Purposely avoiding the unfortunate trend of over-the-top buffoonery commonplace in recent Black comedy films, they intentionally take aim for a more sophisticated, sleek, well-upholstered type of rom-com.
It wants to harken back to the glory days of ‘90s Black cinema such as 1992’s Eddie Murphy-Reggie Hudlin directed comedy Boomerang. If it doesn’t quite reaching that level, it does genuinely come close at times. That alone makes the film worth seeing and is a huge positive step up from the usual dreary dreck.
Think Like A Man is a slick, attractive and witty film populated with believable and appealing characters who act, for a change, like real adult people with real problems. But more importantly it’s charming, very funny, and surprisingly very witty, a trait that is sadly rarely seen in films today in general, and especially in Black films.
The movie is based, of course, on Steve Harvey’s best selling and controversial relationship book in which the comedian/deejay revealed to women, at least in his point of view, all the hidden secrets and thoughts of men when it comes to women and relationships and how they can use that information to their advantage.
However, the film takes what was a non-fiction book and structures a multi-storied plot invoking several couples –– each with some issue to surmount.
There’s the hard, aggressive businesswoman looking for her male equal and the poor unemployed chef (Henson and Ealy); the player and the good girl looking for commitment (Malco and Good); the single mom and the mama’s boy (Hall and Jenkins); and the professional woman and the underachiever (Union and Ferrara).
And buzzing around like an annoying insect, stealing every scene he’s in, is Kevin Hart, the smart ass, cynical wise guy who’s inwardly emotionally fragile and on the breaking edge due to his recent divorce.
The relationships get turned when the women discover Harvey’s book and use it to their advantage to gain the upper hand with the men they’re involved with without their knowledge.
That is…until a plot twist in the second half of the film, which takes everything that went on previously into a whole other direction.
Helped enormously by a sharp and funny screenplay (with some of the funniest zingers aimed at Tyler Perry) and some sympathetic and terrific performances by everyone involved, the film avoids the cheap and tawdry, instead going for a slick smooth approach.
The film is also a welcome career comeback for director Story, after his successful, but critically reviled Fantastic Four films.

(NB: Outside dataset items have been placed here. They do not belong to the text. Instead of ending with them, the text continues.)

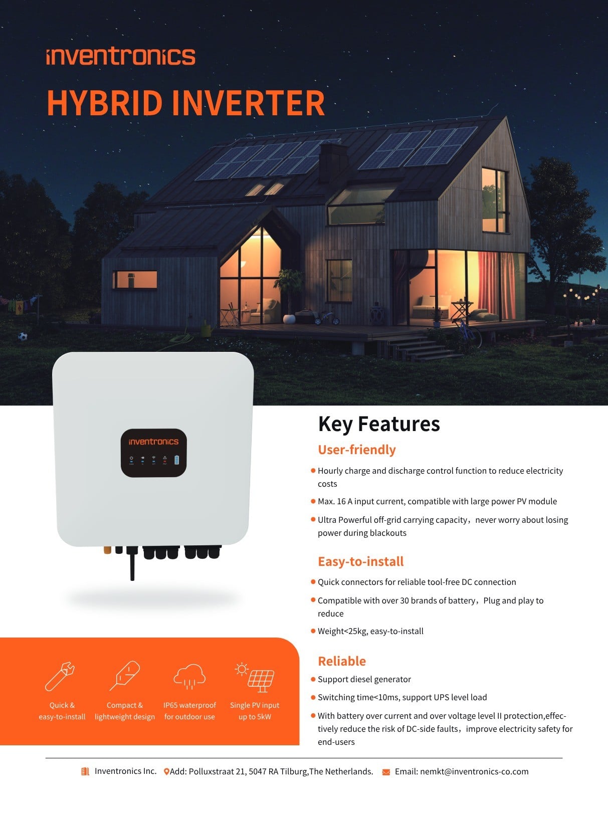 The Inventronics Hybrid Inverter features user-friendly hourly charge/discharge control and a 16A maximum input current, making it ideal for high-power photovoltaic modules. Its robust off-grid capacity ensures continuous power during outages. Installation is simplified with tool-free DC connectors, compatibility with 30+ battery brands, and a lightweight design (under 25kg).
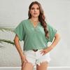 Γυναικείο Καλοκαιρινό Πουκάμισο Μεγάλο Μέγεθος Πράσινο V-Neck Φρέσκο Μοντέρνο Κοντομάνικο Τοπ
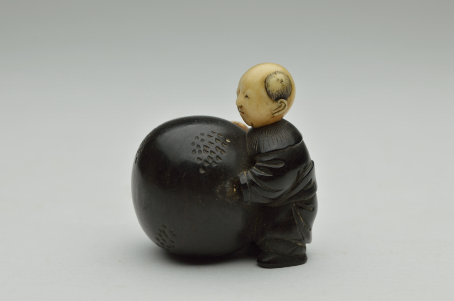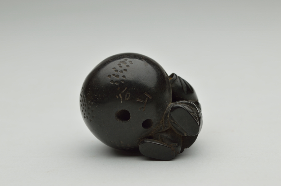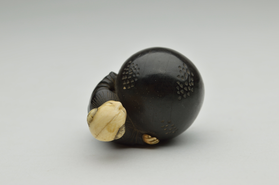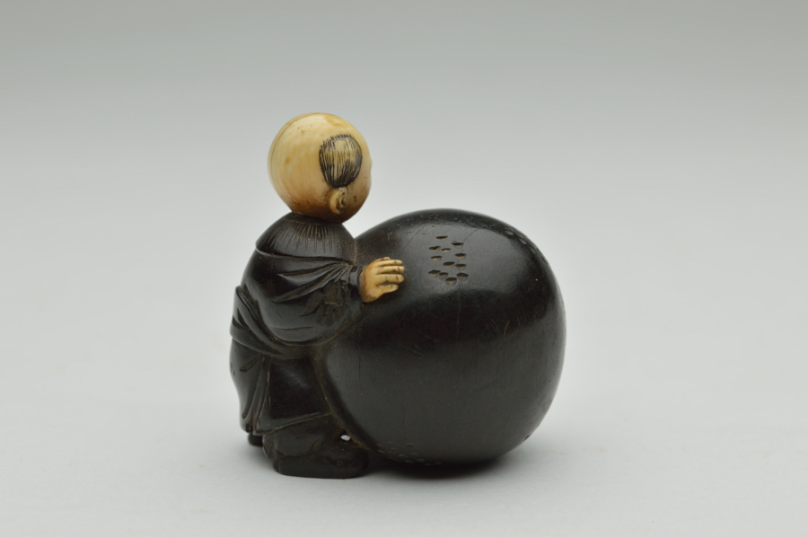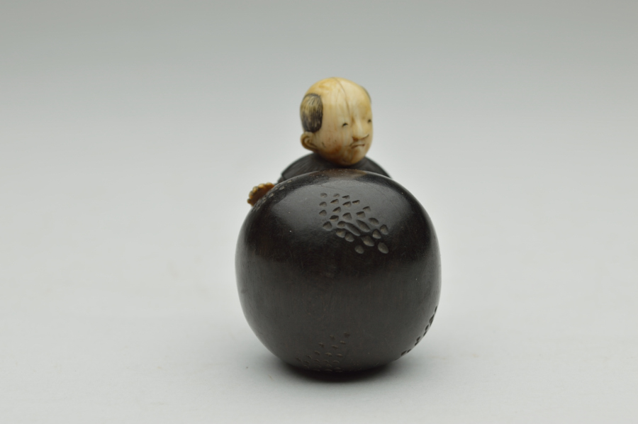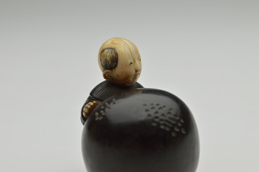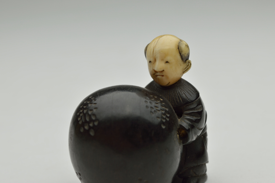 左手が欠損しておりますが、黒檀、鹿角(象牙ではないと思います)の組み合わせの根付。「谷山」の銘有。頭や手などがこのように牙や鹿角で作られたものは以前何度か見たことがございますが、あまり数はないものではないでしょうか。頭部、手の部分はきつく取り付けてありますが差込式になっているようです。手の欠損がございますので充分ご確認の上ご注文下さい。
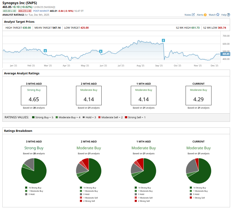 Of the 21 analysts who cover SNPS stock, 14 have a “Strong Buy” rating, and one has a “Moderate Buy” rating. The mean price target on the shares is $547.14. Analysts' mean earnings estimate calls for the firm's earnings per share to jump to $9.15 in fiscal 2026, up from $7.98 in fiscal year 2025.
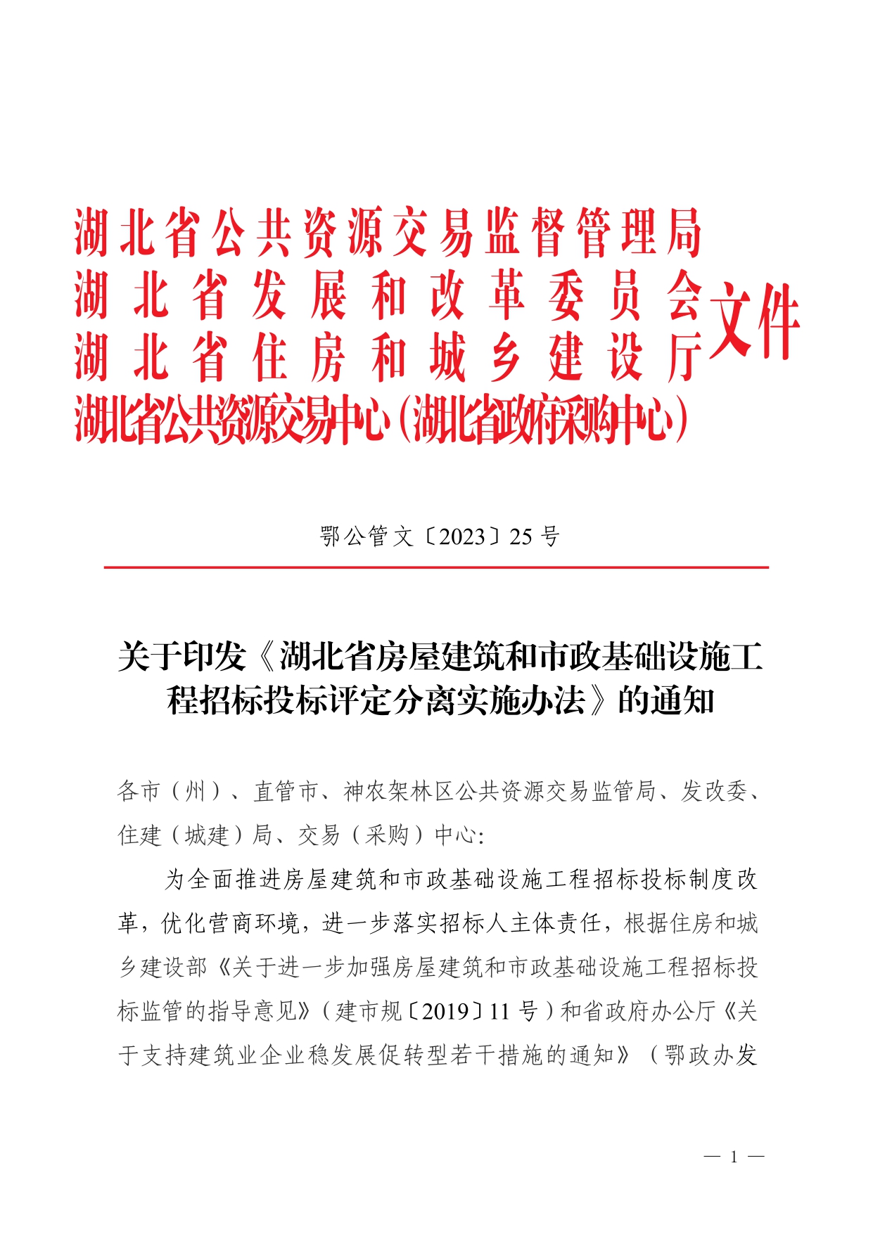 关于印发《湖北省房屋建筑和市政基础设施工程招标投标评定分离实施办法》的通知
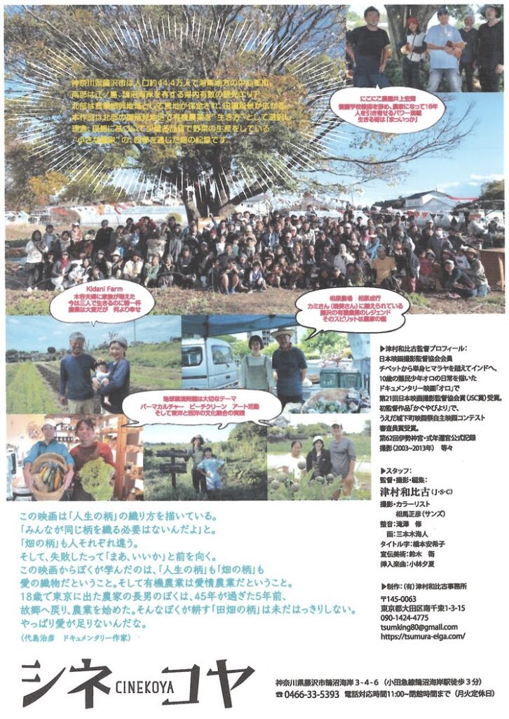 映画チラシ 第二弾 ハタケのチカラ フライヤー表紙(左)・裏表紙(右) 画:三本木海人 タイトル・デザイン:橋本安希子 初監督作品 かぐやびより フライヤー表紙 イラストを制作した 長美里 さん 映画チラシ・裏面 表紙を描いた 萩原ありさ さん タイトル文字を書いてくれた、左サイド 小林大真 君 と、右サイド 私(津村和比古)
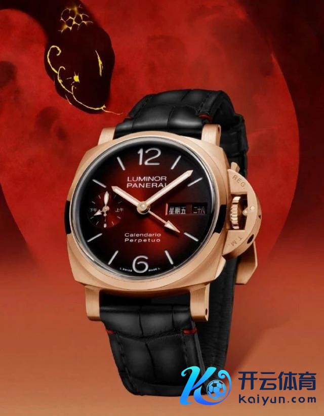 沛纳海的新春末端新表亦然年味十足,这枚全新Luminor庐米诺系列44毫米自动上链万年历两地时红金手表PAM1688,专利Goldtech™红金表壳搭配红色太阳辐射纹表盘,重叠交运,数字"88"自带好寓意,华文日期星期自大亦然相配别致。

If there is one shortcoming, it’s the film’s plot predictability. Instead of the off-beat, unexpected plot development that could have taken the film on a whole different level, we know exactly how each story is going to play out long in advance before it actually happens.
Not that there’s anything wrong with that, but a little originality could have gone a long way.
Nevertheless, Think Like A Man is remarkably engaging and a genuinely entertaining spring film surprise that deserves to be a big hit.